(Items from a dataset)

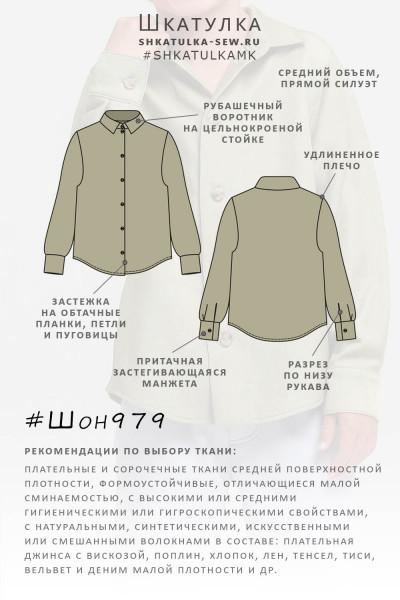 Для пошива рубашки можно использовать плательные и сорочечные ткани средней поверхностной плотности, формоустойчивые, отличающиеся малой сминаемостью, с высокими или средними гигиеническими или гигроскопическими свойствами, с натуральными, синтетическими, искусственными или смешанными волокнами в составе.
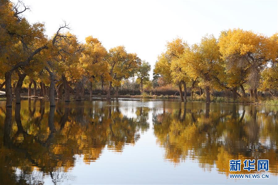 这是在内蒙古自治区额济纳旗拍摄的胡杨林(10月16日摄)。 金秋时节,位于内蒙古阿拉善盟额济纳旗境内的胡杨林披上了金黄色的外衣,在阳光的照射下呈现绚丽夺目的色彩,成为沙漠深处的一抹亮色。 新华社记者 丁洪法 摄
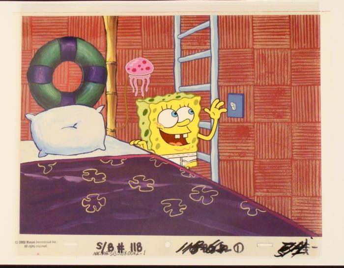 To create production cels, the original animator's drawing is transferred onto an acetate cel (by hand-inking and/or photo copying). The cel is then hand-painted on the reverse side. The background accompanying this set-up is a hand-painted original production background. The background is ready to be matted and framed. It is a colored background with a cel and has the animator's notations at the bottom of both. The cel is multilayerd: first is the rope, next is the jellyfish, and then Spongebob.
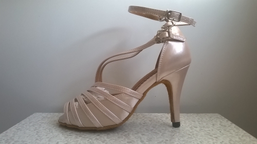 Damenschuhe mit Riemchen aus Satin fuer lateinamerikanische Taenze und weicher Wildledersohle - Gesellschaftstanzschuhe
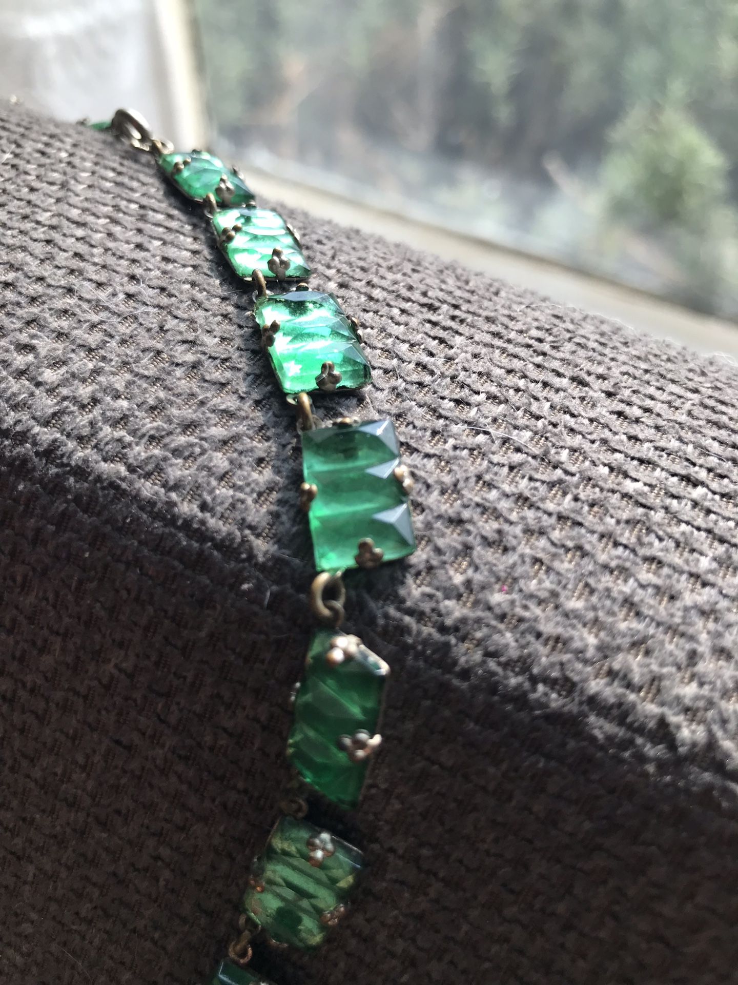 Must see to appreciate. Vintage green stoned necklace (possibly choker style) 16” long
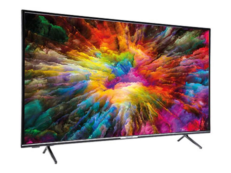 Der Fernseher mit einer gigantischen Bildschirmdiagonale von 163,8cm (65 Zoll) ist vom 24.09.2020 bis 17.10.2020 erhältlich. Seine Auflösung liegt bei 4K, also 3.840 x 2.160 Pixel. Der statische Kontrast des Panels wird mit 1:2.000 angegeben, der dynamische Kontrast mit 27.000:1. Mit einer Helligkeit von 350 Candela pro Quadratmeter ist das Bild allerdings deutlich dunkler als das von konkurrierenden Modellen namhafter Hersteller, doch die sind eben auch teure. Was bedeutet das in der Praxis? Zunächst einmal ist es besser, das Zimmer in dem der Fernseher steht etwas abzudunkeln - grelles Sonnenlicht dürfte das Fernseherlebnis deutlich mindern, weil dann die Hintergrundbeleuchtung überstrahlt wird.
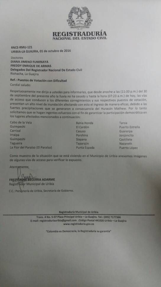 En la misiva conocida por Caracol Radio, el Registrador local pide que se hagan ingentes esfuerzos con el fin de garantizar la participación democrática en los lugares afectados.
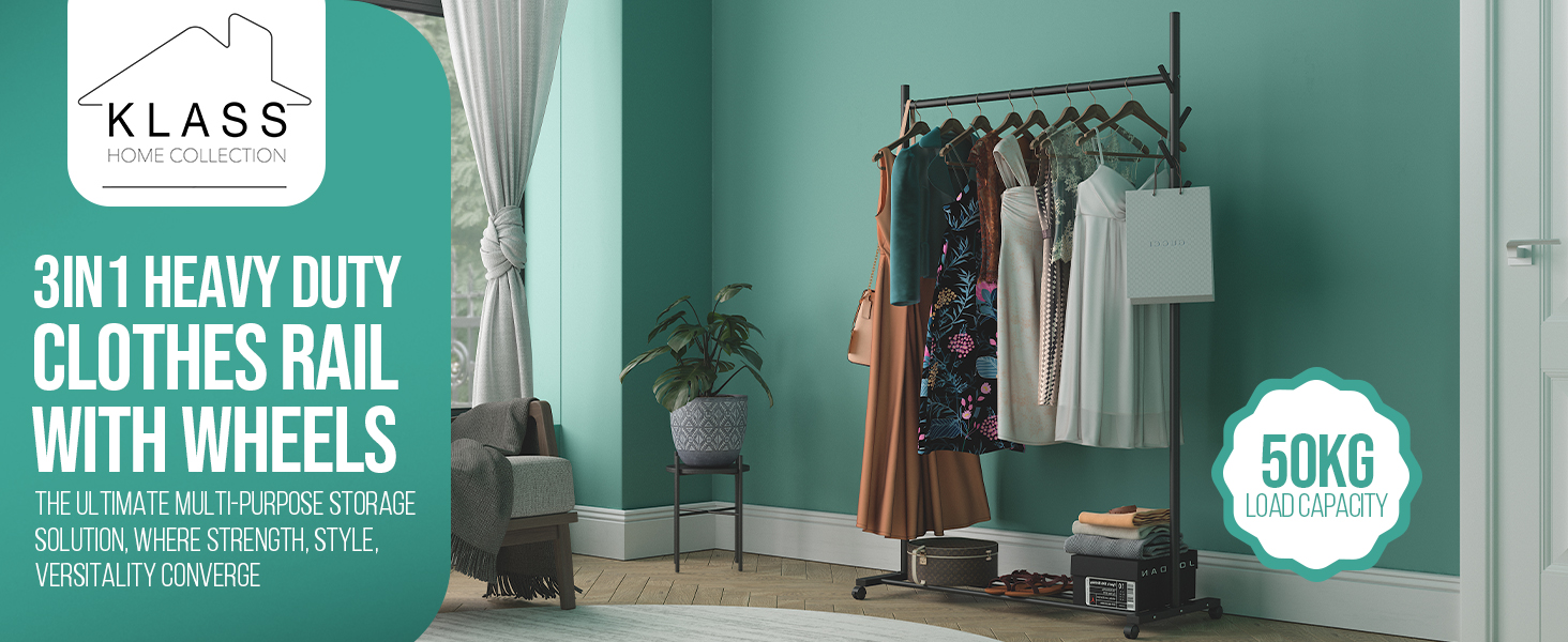 Klass Home Collection Portable Heavy Duty Clothes Rail For Bedroom, Home & Shops, 50KG Load Clothes Rack With Storage Shelf, Metal Clothing Rail For Hanging Garments, Coats (Black With Wheels)
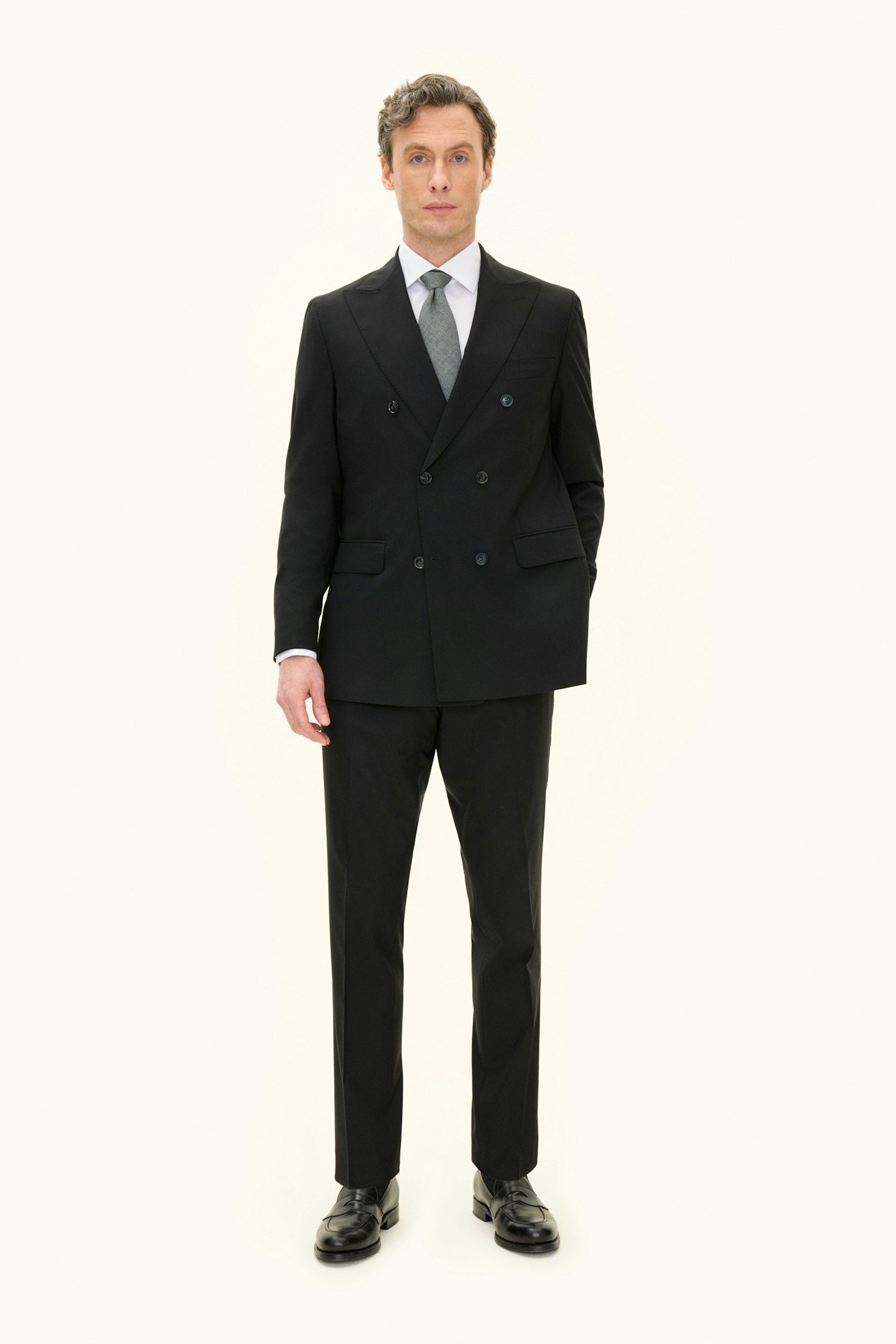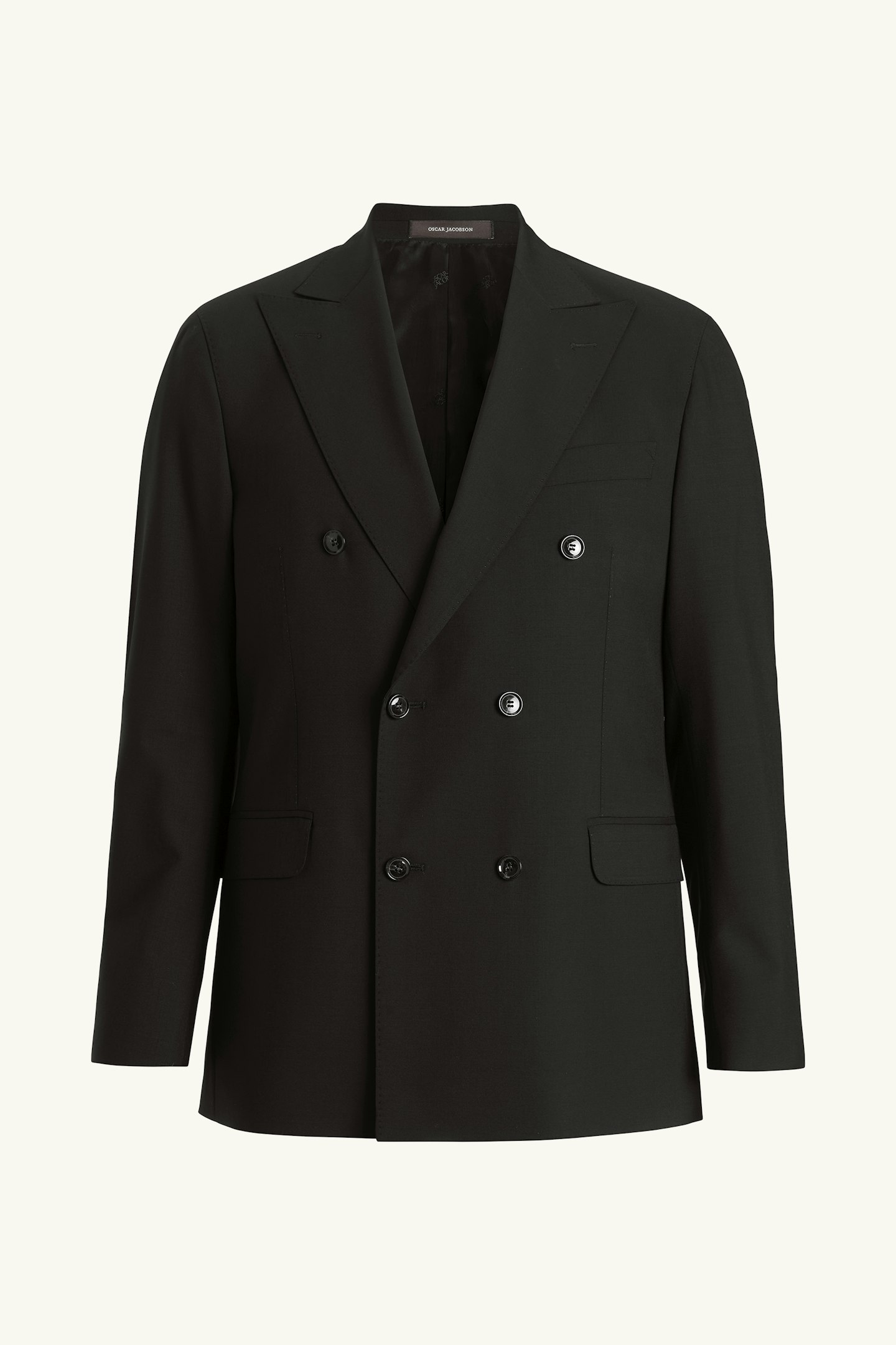 Klassisk dobbeltspent blazer i normal passform med spisse jakkeslag og mykt formet skulder. Laget i glatt Super 120's ull.

▶ [Task item] Please repeat, exactly as written, the lines in the records above, starting with the one that has "Damenschuhe mit Riemchen" and going on through the one that has "Must see to". Pictures are to be left out.

▶ [Solution to this exercise]
 Damenschuhe mit Riemchen aus Satin fuer lateinamerikanische Taenze und weicher Wildledersohle - Gesellschaftstanzschuhe
 Must see to appreciate. Vintage green stoned necklace (possibly choker style) 16” long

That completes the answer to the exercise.